Resource impact statement
No significant resource impact is anticipated
NICE has recommended upadacitinib as an option for treating active non-radiographic axial spondyloarthritis with objective signs of inflammation (shown by elevated C-reactive protein or MRI) that is not controlled well enough with non-steroidal anti-inflammatory drugs (NSAIDs) in adults. It is recommended only if:
- tumour necrosis factor (TNF)-alpha inhibitors are not suitable or do not control the condition well enough and
- the company provides upadacitinib according to the commercial arrangement.
Assess response to upadacitinib after 16 weeks of treatment. Continue treatment only if there is clear evidence of response, defined as a reduction in:
- the Bath Ankylosing Spondylitis Disease Activity Index (BASDAI) score to 50% of the pre-treatment value or by 2 or more units and
- the spinal pain visual analogue scale (VAS) by 2 cm or more.
Take into account any physical, sensory or learning disabilities, or communication difficulties that could affect the responses to BASDAI and spinal pain VAS and make any adjustments needed.
If patients and their clinicians consider upadacitinib to be 1 of a range of suitable treatments (including secukinumab and ixekizumab), discuss the advantages and disadvantages of the available treatments. After that discussion, if more than 1 treatment is suitable, choose the least expensive.

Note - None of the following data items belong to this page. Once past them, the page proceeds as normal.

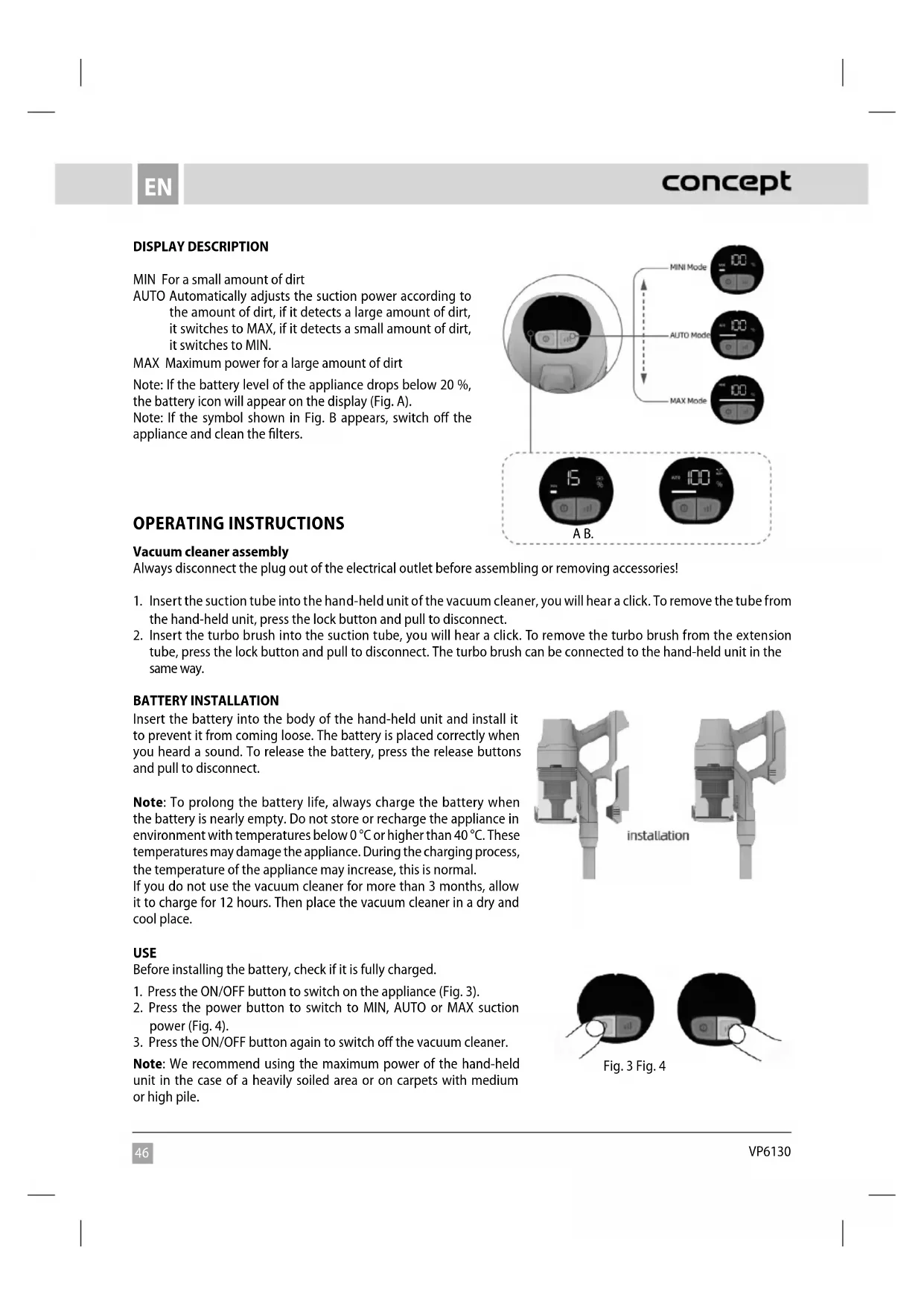 VP6130 DISPLAY DESCRIPTION MIN For a small amount of dirt AUTO Automatically adjusts the suction power according to the amount of dirt, if it detects a large amount of dirt, it switches to MAX, if it detects a small amount of dirt, it switches to MIN. MAX Maximum power for a large amount of dirt Note: If the battery level of the appliance drops below 20 %, the battery icon will appear on the display (Fig. A). Note: If the symbol shown in Fig. B appears, switch off the appliance and clean the filters. OPERATING INSTRUCTIONS Vacuum cleaner assembly Always disconnect the plug out of the electrical outlet before assembling or removing accessories!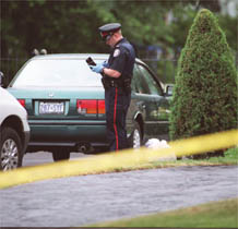 "We heard the hollering and came out to look," said a neighbour. "That's when the officer opened the trunk of the car and saw the bodies.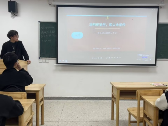 在教学楼B505教室,口腔A2413班团支书祝天威通过英烈事迹学习、红色历史重温及线上线下缅怀等形式,带领同学们追忆革命先辈的峥嵘岁月。他引导同学们感悟先烈坚定的理想信念与无私奉献精神,让大家在致敬中接受爱国主义教育,深刻体会平安生活的来之不易。

Take account of administration costs, dosage, price per dose and commercial arrangements.
These recommendations are not intended to affect treatment with upadacitinib that was started in the NHS before this guidance was published. People having treatment outside these recommendations may continue without change to the funding arrangements in place for them before this guidance was published, until they and their NHS clinician consider it appropriate to stop.
We do not expect this guidance to have a significant impact on resources; that is, the resource impact of implementing the recommendations in England will be less than £5 million per year (or approximately £9,000 per 100,000 population, based on a population for England of 56.3 million people).

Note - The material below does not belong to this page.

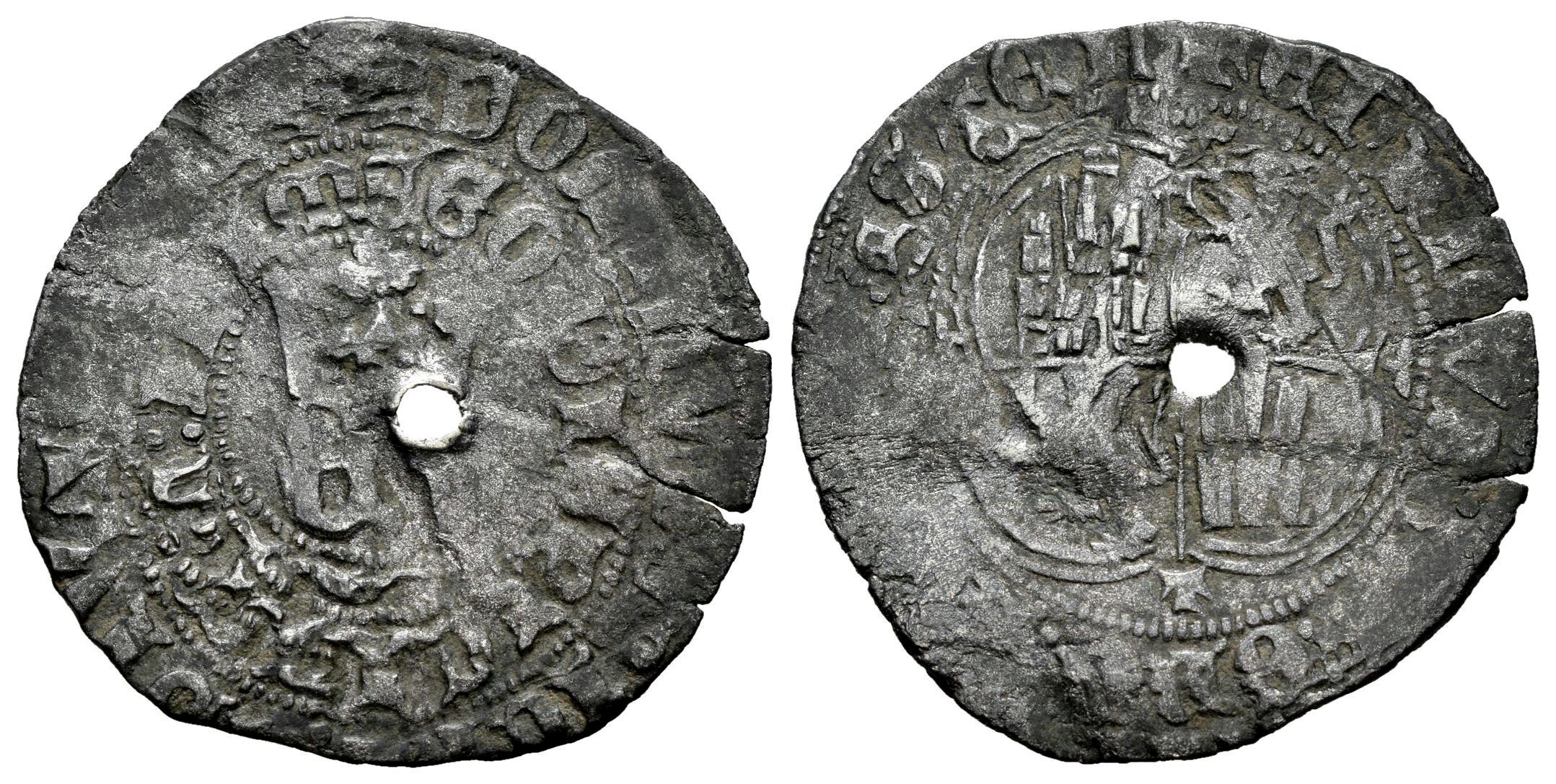 Kingdom of Castille and Leon. Enrique II (1368-1379). Real de vellon. Toledo. (Bautista-583). Bi. 2,72 g. T bajo el cuartelado y adornos en los extremos. Perforación central. Choice F. Est...20,00.

This is because the technology is a further treatment option and the overall cost of treatment for this patient group will be similar.
Upadacitinib can be taken orally. Both clinical and patient experts highlighted the convenience of upadacitinib over comparators because of its oral administration.
The company has a commercial arrangement (simple discount patient access scheme). This makes upadacitinib available to the NHS with a discount. The size of the discount is commercial in confidence. It is the company’s responsibility to let relevant NHS organisations know details of the discount.
A resource impact template is provided for completion at a local level. This is because there are numerous treatment options that are recommended by NICE for treating non-radiographic axial spondyloarthritis.
This technology is commissioned by integrated care systems. Providers are NHS hospital trusts.